▶ _EXTRACTED MATERIAL_

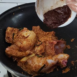 1. Panaskan 2-3 sendok minyak goreng untuk menumis. Tumis bumbu hingga harum. Masukan Bumbu rempah lalu masukan ayam dan aduk hingga merata.
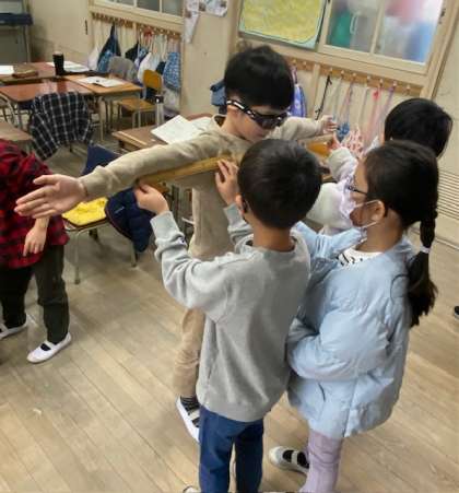 子どもたちが持っている長さを測るもので最も長いものは30cmさしです。さあ、子どもたちはどのように、この長さのものを測るのでしょうか。
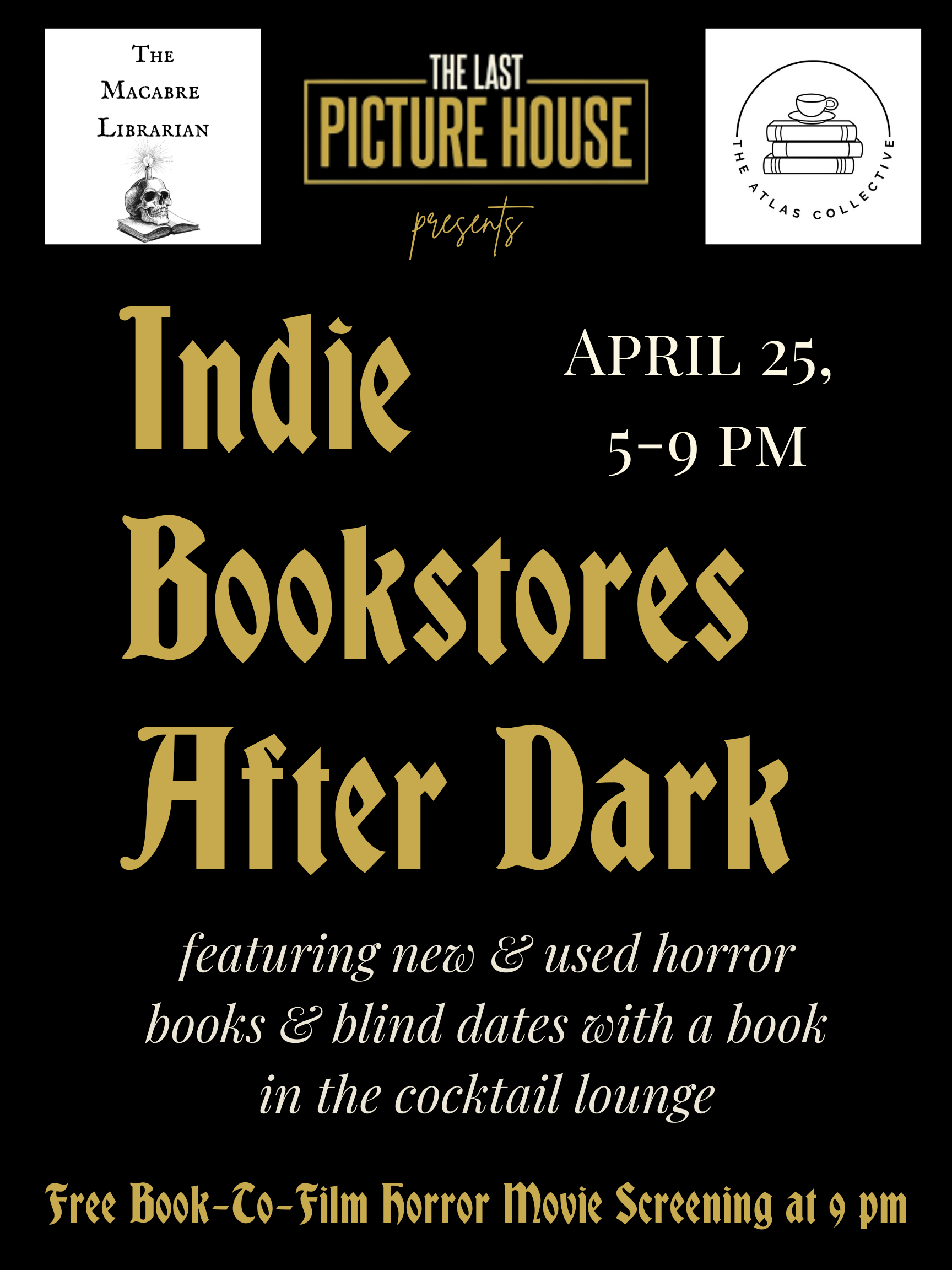 We're beyond excited to announce a one-of-a kind event series debuting at The Last Picture House on Indie Bookstore Day! From 5pm until 9pm, LPH, The Macabre Librarian, and The Atlas Collective are teaming up to offer you a themed experience, featuring new & used horror books & blind dates with a book in the cocktail lounge followed by a free, surprise horror movie screening at 9 pm. The bar will offer a New Orleans-themed drink menu for one night.
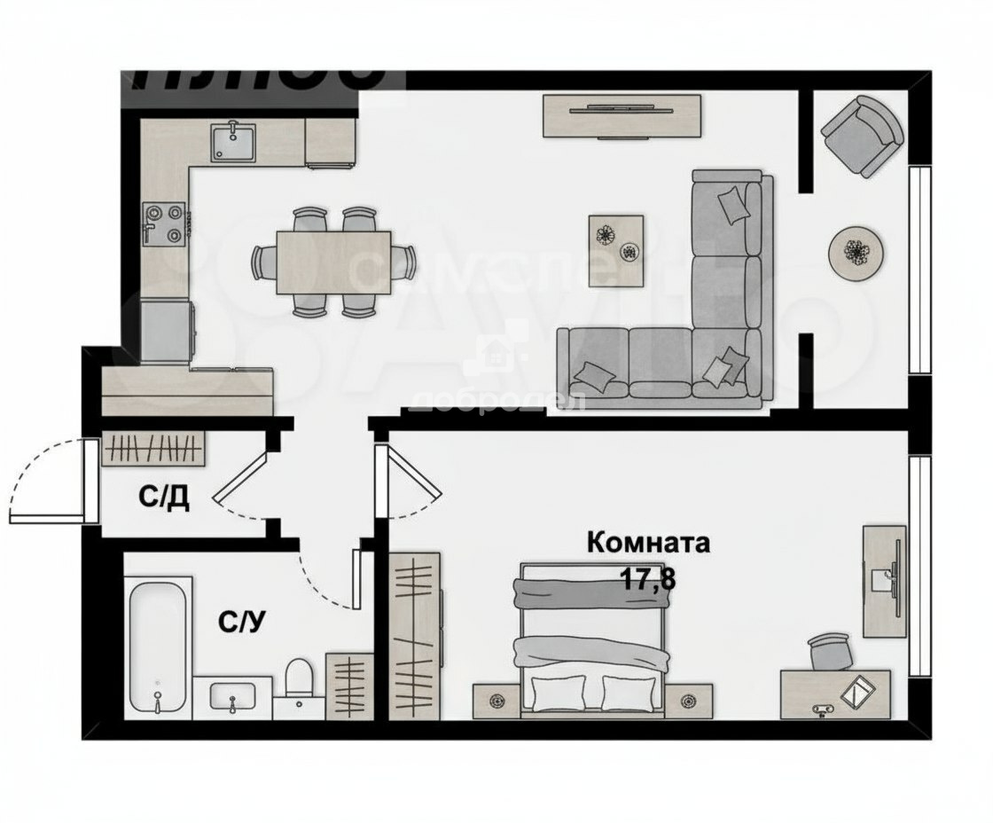 ✅ Современная планировка с зоной кухни-гостиной и отдельной комнатой, идеально подходящей для семейного комфорта.
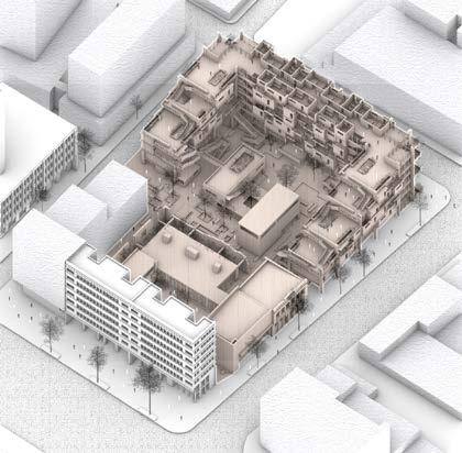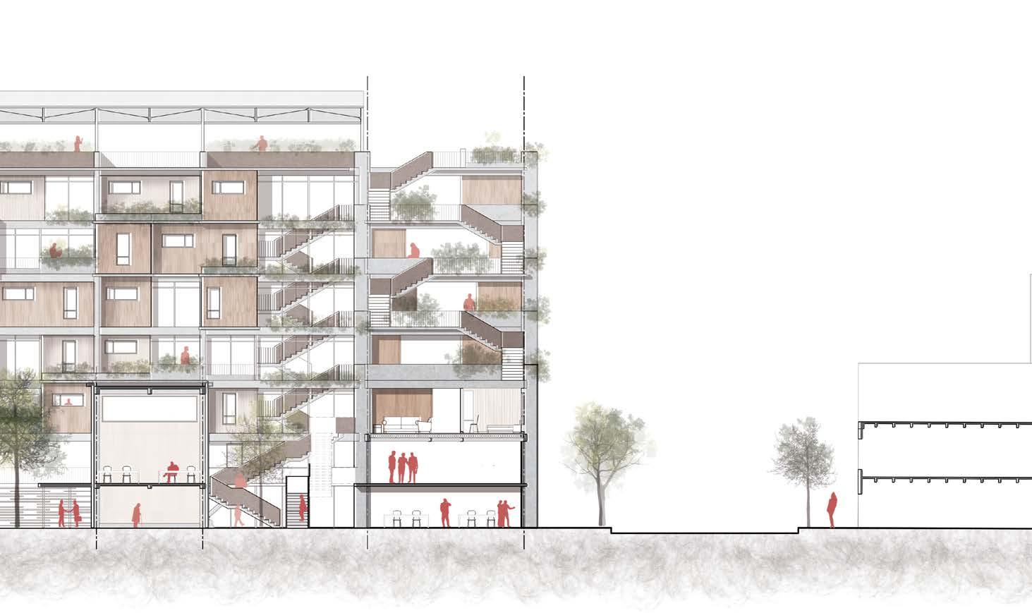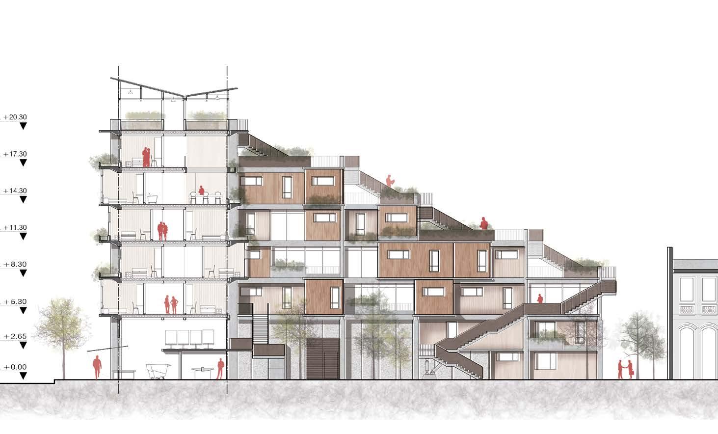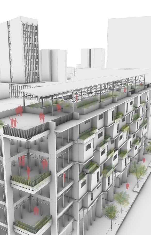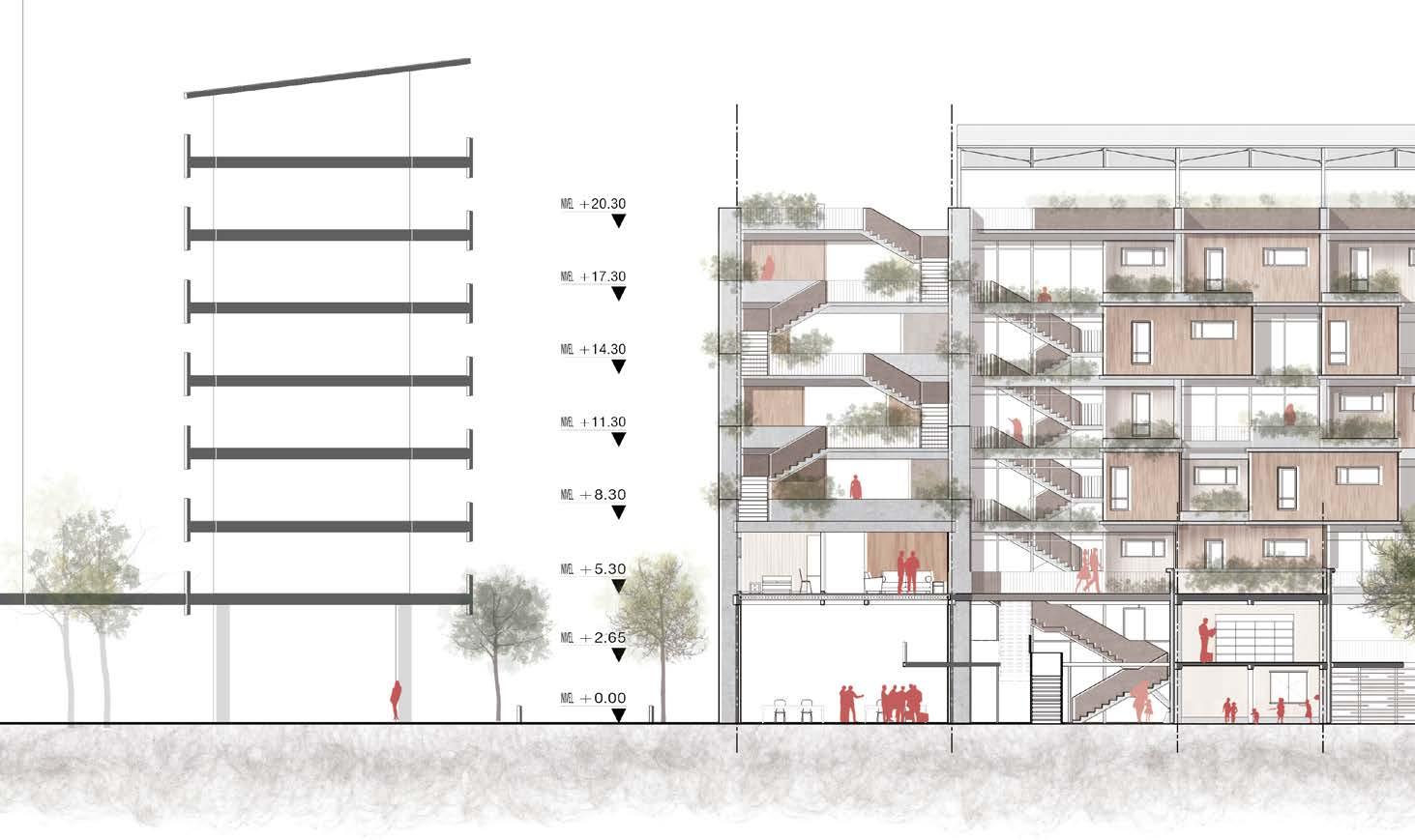 For the formal proposal, a 9-level building for collective housing with staggered terraces that are connected through a set of exterior and interior stairs create a circuit of well being communal spaces for the community. In these proposal, the corners play an important role for each floor, as it works as a node for shared service spaces such as kitchens, bathrooms and dining rooms, plus communal terraces that are oriented towards the inside of the block, serving
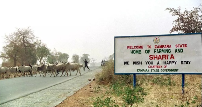 A file picture taken on May 8, 2018 shows a signboard which welcomes visitors to the state of Zamfara. Gunmen killed at least 48 people in attacks on three villages in Zamfara on Friday May 6, 2022. AFP - PIUS UTOMI EKPEIBy Ahmed Kingimi Reuters
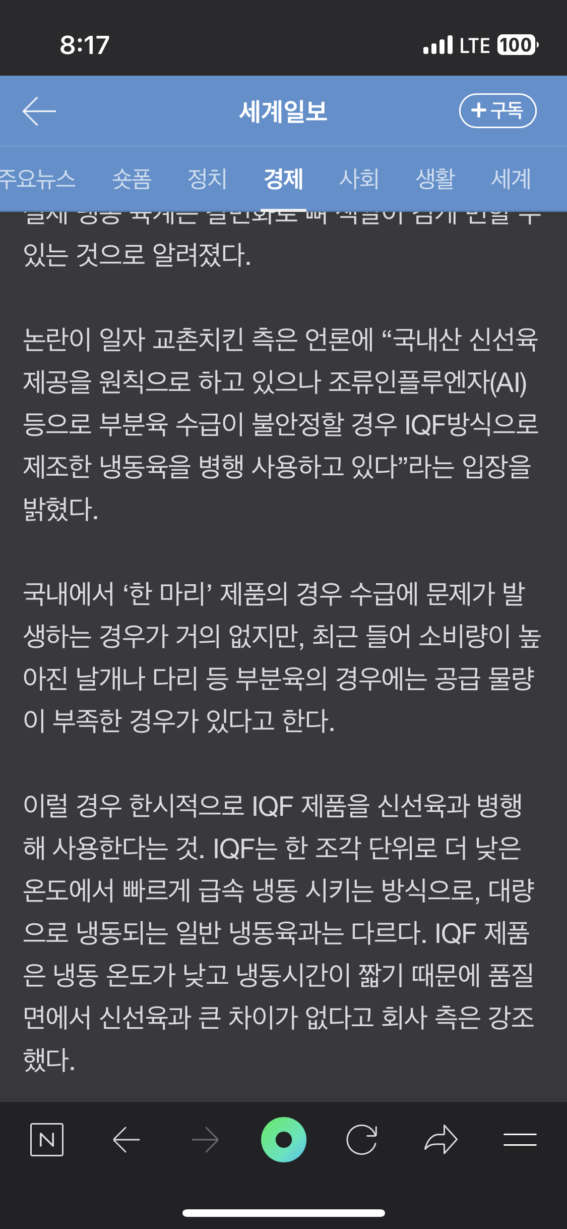 그런데 오랜만에 먹었던 콤보는 닭뼈가 까맣고 잡내는 덜하지만 확실히 맛이 뭔가 달랐다. 그래서 뭐지 냉동육만 썼던걸로 알았는데, 알고보니 부분육 같은 경우 수급 문제로 냉동육을 쓴단다…

▶ _TASK STATEMENT_
Please transcribe exactly the lines from the start of the records through the line containing "для семейного комфорта.", leaving the pictures out.

▶ _TASK RESULT_
 1. Panaskan 2-3 sendok minyak goreng untuk menumis. Tumis bumbu hingga harum. Masukan Bumbu rempah lalu masukan ayam dan aduk hingga merata.
 子どもたちが持っている長さを測るもので最も長いものは30cmさしです。さあ、子どもたちはどのように、この長さのものを測るのでしょうか。
 We're beyond excited to announce a one-of-a kind event series debuting at The Last Picture House on Indie Bookstore Day! From 5pm until 9pm, LPH, The Macabre Librarian, and The Atlas Collective are teaming up to offer you a themed experience, featuring new & used horror books & blind dates with a book in the cocktail lounge followed by a free, surprise horror movie screening at 9 pm. The bar will offer a New Orleans-themed drink menu for one night.
 ✅ Современная планировка с зоной кухни-гостиной и отдельной комнатой, идеально подходящей для семейного комфорта.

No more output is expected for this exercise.